Sadly, the momentum did not extend to German inflation, as Destasis said growth in the indicator slowed in June. CPI only grew by 2.3% year-on-year and by 0.4% month-over-month, while in the previous month it jumped by as much as 2.5% year-on-year and by 0.5% month-over-month. The EU-harmonized CPI also rose by only 2.1% year-on-year.
Meanwhile, consumer sentiment in France posted strong growth, climbing to a 15-month high in June. The index hit 102 points after a huge proportion of households deem the current period a good time to make large purchases. Accordingly, this raised the projection for retail sales in the coming months.
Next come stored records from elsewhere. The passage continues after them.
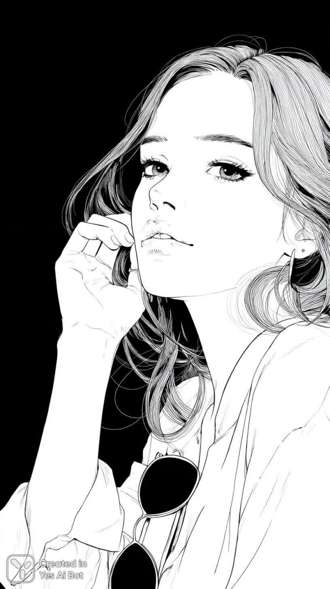 Изящный эскиз молодой женщины в бикини, выполненный в черно-белой гамме. Рисунок передает атмосферу легкости и непринужденности благодаря характерной 'ручной' манере исполнения линий. Девушка с ниспадающими до плеч волосами смотрит на зрителя с легкой кокетливостью, ее губы слегка приоткрыты, добавляя образу чувственности. В руках она держит солнцезащитные очки, которые подчеркивают загадочность и соблазнительность взгляда. Простой фон в белому цвете акцентирует внимание на детализированном изображении фигуры и выразительном лице модели. Общий стиль рисунка выдержан в духе свободных зарисовок с ощущением спонтанности и естественности, что придает ему особый шарм и привлекательность. Это не просто изображение, а момент запечатленный временем, воплощенный в изящных линиях черного карандаша на фоне чистого листа. Кажется, будто она вот-вот скажет что-то загадочное, приглашая зрителя разгадать ее тайну и погрузиться в атмосферу беззаботности и летнего настроения. Легкость мазка создает эффект живой зарисовки, словно художник только что закончил работу над этим портретом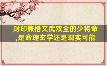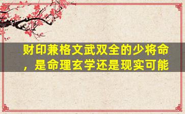 关于“财印兼格文武双全的少将命”这一命理说法,可以从命理学和现实逻辑两个角度进行解析: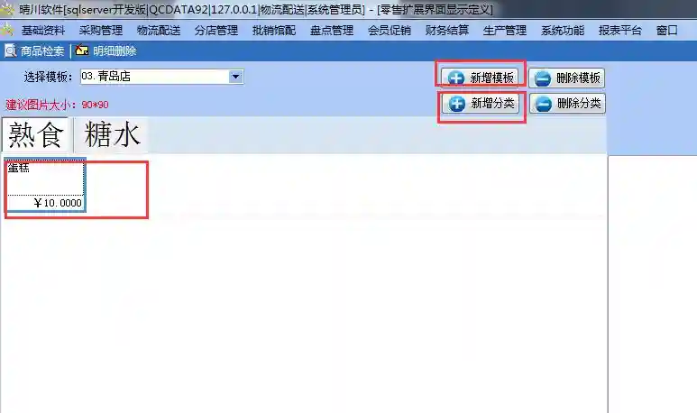 分店管理——零售扩展面板商品定义——新建模板——新增分类——添加咖啡类成品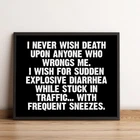Never Wish Death-Funny Wall Sign, This Medium, Printed on Photo Paper.--- Product Details Production Method: All our prints are digitally printed on Luster finish Fuji Crystal Archive Photo Paper for highest quality, clarity and color fidelity to provide a lifetime of enjoyment. Size: Medium Width: 8 inches Length: 10 inches Color: White Distressed Typography on Black Print.---NOTE: Printed on Photo Paper.--- Material: Fuji Photo Paper Finish Type: Satin Number Of Pieces: 1 Printing Type: Flat Surface Treatment Method: Digital/ Flat Product Dimensions : 10 x 8 x 0.1 inches; 2.89 ounces Certified Laughter Starter - Our funny wall decor poster print is a great laughter starter and can be used in practically any space to inspire cheerful moments, our funny wall signs can be used for home decorations, office wall decor, bar decor, shop, man cave decor, and so much more! Frames Are Not Included - This work of art would be a great addition to your room accessories or wall decor posteraesthetic and was printed on premium-quality Luster finished Fuji Crystal Archive Photo Paper, this is unframed and frames are not included in this purchase. Quality Assurance - This funny sarcastic wall decor posterartwork is proudly American made with meticulous attention to detail. It undergoes rigorous quality control measures, ensuring superior craftsmanship and exceptional quality.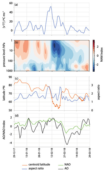 Figure 3 shows features of the SPV, SSW, and atmospheric circulation indices at lower levels for winter 2017–2018. The large increase in the meridional eddy heat flux at 100 hPa from early to mid-February represents the upward influence of the troposphere (Figure 3A), indicating an upward propagation of planetary waves that reinforced the late February SSW event. The Northern Annular Mode (NAM) Index, calculated as the inverse of the polar cap geopotential height anomaly averaged over 65–90° N at different atmospheric levels, demonstrates the downward propagation of the negative NAM anomalies (Figure 3B) following the pronounced increase in upward wave activity flux shown in Figure 3A. This suggests an SSW contribution to the tropospheric anomalies during the second half of February [14,19]. We use NAM for calculating at all atmospheric levels while the Arctic Oscillation (AO) is reserved for the 1000 hPa level. While there is a brief period of vortex splitting prior to 12 February according to the moments method, this SSW is identified primarily as a displacement event. There is a 10-day period when the vortex is displaced southward of 66° N (Figure 3C), starting before 12 February-the date of the SSW onset. This date is also identified as SSW onset by a wind reversal diagnosis [12,20]. As the vortex moves poleward again, there is a second brief elongation of the vortex (increased aspect ratio). Following, as the vortex starts to move equatorward, there is a lagged response in the AO and North Atlantic Oscillation (NAO) surface indices (Figure 3D), and these indices continue to become more negative after the vortex displacement has recovered, reaching minima around 18 days after the onset of the SSW in the stratosphere.
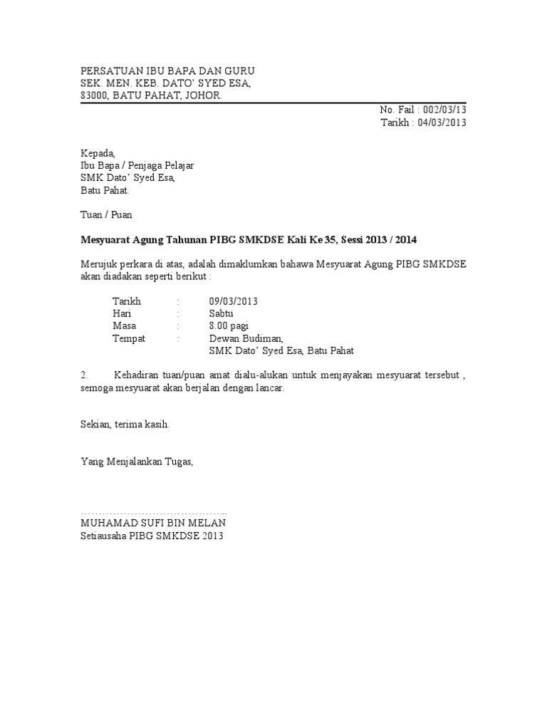Contoh Surat Panggilan Mesyuarat Pibg Pdf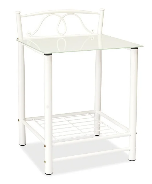 Stylový noční stolek s čistými liniemi a minimalistickým vzhledem. Kovová konstrukce v bílé barvě doplňuje vrchní desku z tvrzeného mléčného skla, která působí elegantně a odolně. Uložení drobností usnadňuje praktická odkládací polička.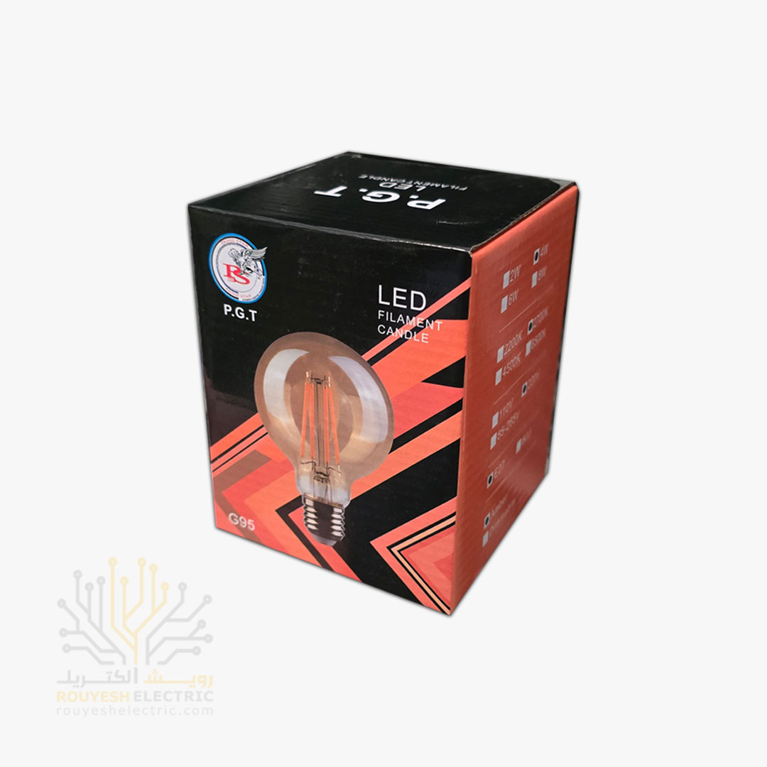 لامپ 4 وات فیلامنتی برند پی جی تی PGT مدل G95 آفتابی

All this significantly affected EUR / USD, but today a lot will depend on 1.1925 because going above it will result in a hike towards 1.1980 and 1.2030. Meanwhile, dropping below 1.1880 will push euro down to 1.1850.
GBP
Pound hit a new low yesterday after the UK government imposed new restrictions related to the coronavirus pandemic. Portugal and Spain have also introduced new rules for visitors from Britain, while Germany insists on a more coordinated response from the members of the European Union. Hong Kong also banned passenger flights from UK, which is bad news to airlines and tour operators.
On the bright side, house prices in UK rose 13.4% year-on-year in June, which is the highest record since November 2004. But on a monthly basis, it fell by 0.7%.
Today, a lot depends on 1.3870 because climbing above it will bring GPB / USD to 1.3920 and 1.3980. Meanwhile, dropping to 1.3820 will push pound down to 1.3770 and 1.3710.